Periodical upgrading of asphaltene model is essential for understanding the time-depending changes of asphaltene risks. In the previous study (Yonebayashi et al. 2011), the asphaltene risk was evaluated for an offshore oil field in the Arabian Gulf in 2008 by use of cubic-plus-association equation of state (CPA-EoS) models on the basis of all available date at the time. After the previous study, additional experimental data was accumulated forthe future gas injection plan. Then, the update study was performed by incorporating those newly collected data. Subsequently, both findings in the past and the present were compared with each other.
According to the previous study recommendation, additional asphaltene laboratory studies were conducted on the basis of newly collected samples. All Asphaltene On-set Pressure (AOP) detected from the new samples were higher than those of the previous study. Especially, a large difference was observed from the past/present results of the lower reservoir's AOPs even though samples collected from the identical well. Asphaltene precipitation risk was observed to increase largely because the new AOP was detected at the reservoir temperature while no AOPs detected in the previous study. The difference might be occurred by saturation pressure increase. Then, the numerical asphaltene models were revised, and accordingly, the asphaltene risk estimation were updated higher in the lower reservoir. For the upper reservoir, the past/present AOPs were slightly changed to become higher. The reference sample fluids were collected from two different wells showing minor difference of asphaltene contents.
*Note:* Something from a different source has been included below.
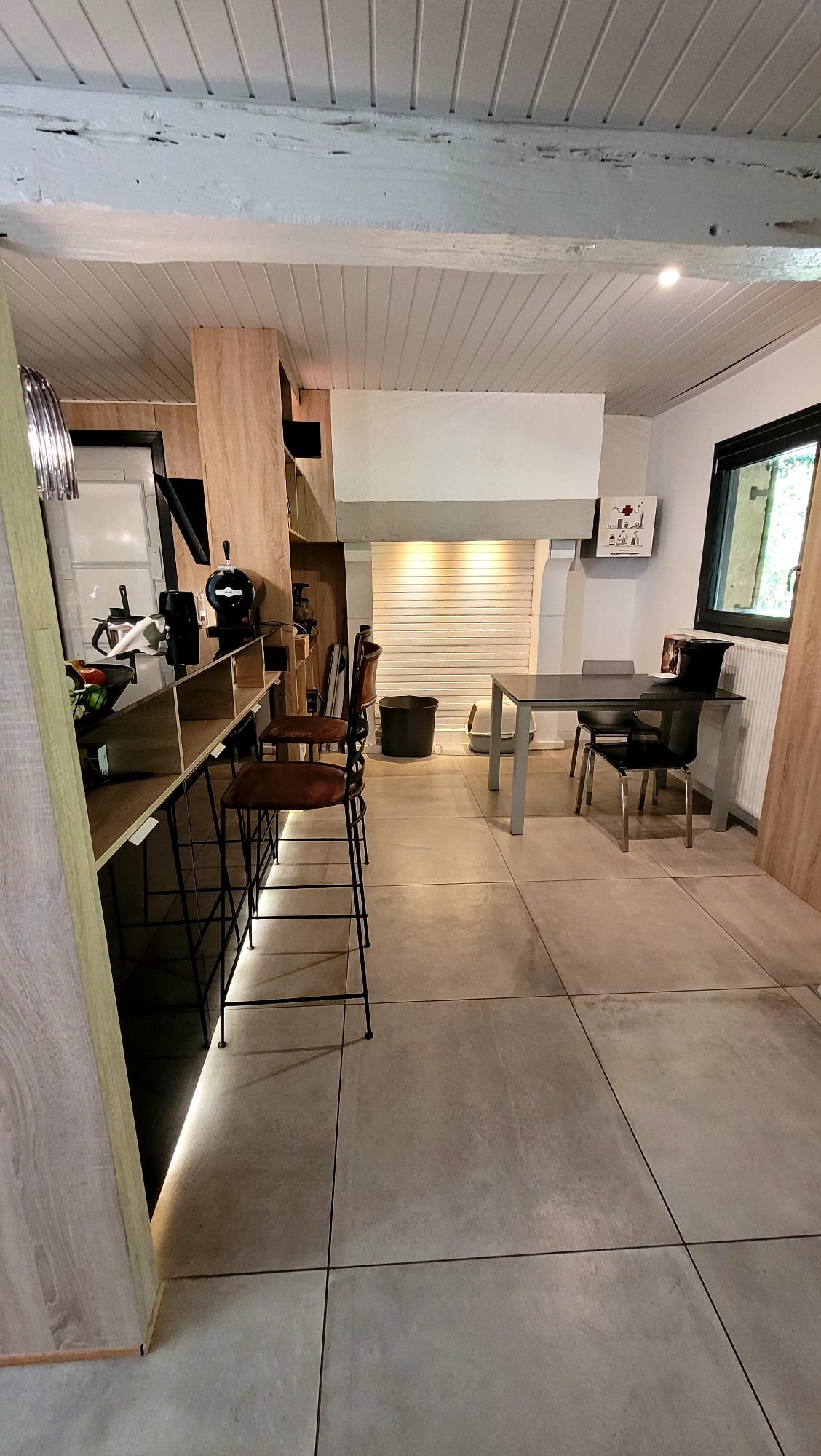 Côté cuisine, la véranda est également une seconde entrée.

Those variations might be caused by geological heterogeneity that could affect on fluid maturity. Then, the risk rating was updated to be slight higher, too. In this paper, through the comparison between the previous and current studies, it was pointed out the importance of regular monitoring asphaltene risks.
This study provides the valuable findings of time-lapse evaluation of asphaltene precipitation risks for reservoir under gas injection. The evaluations currently conducted in the industry are snapshots of instantaneous risks. Through entire field life, the risks have varied depending on operating conditions. This study argued the risk-change in the unique field by the identical workflow but using each representative data collected at different times. Finally, this study demonstrated the importance of time-depending fluid dynamics.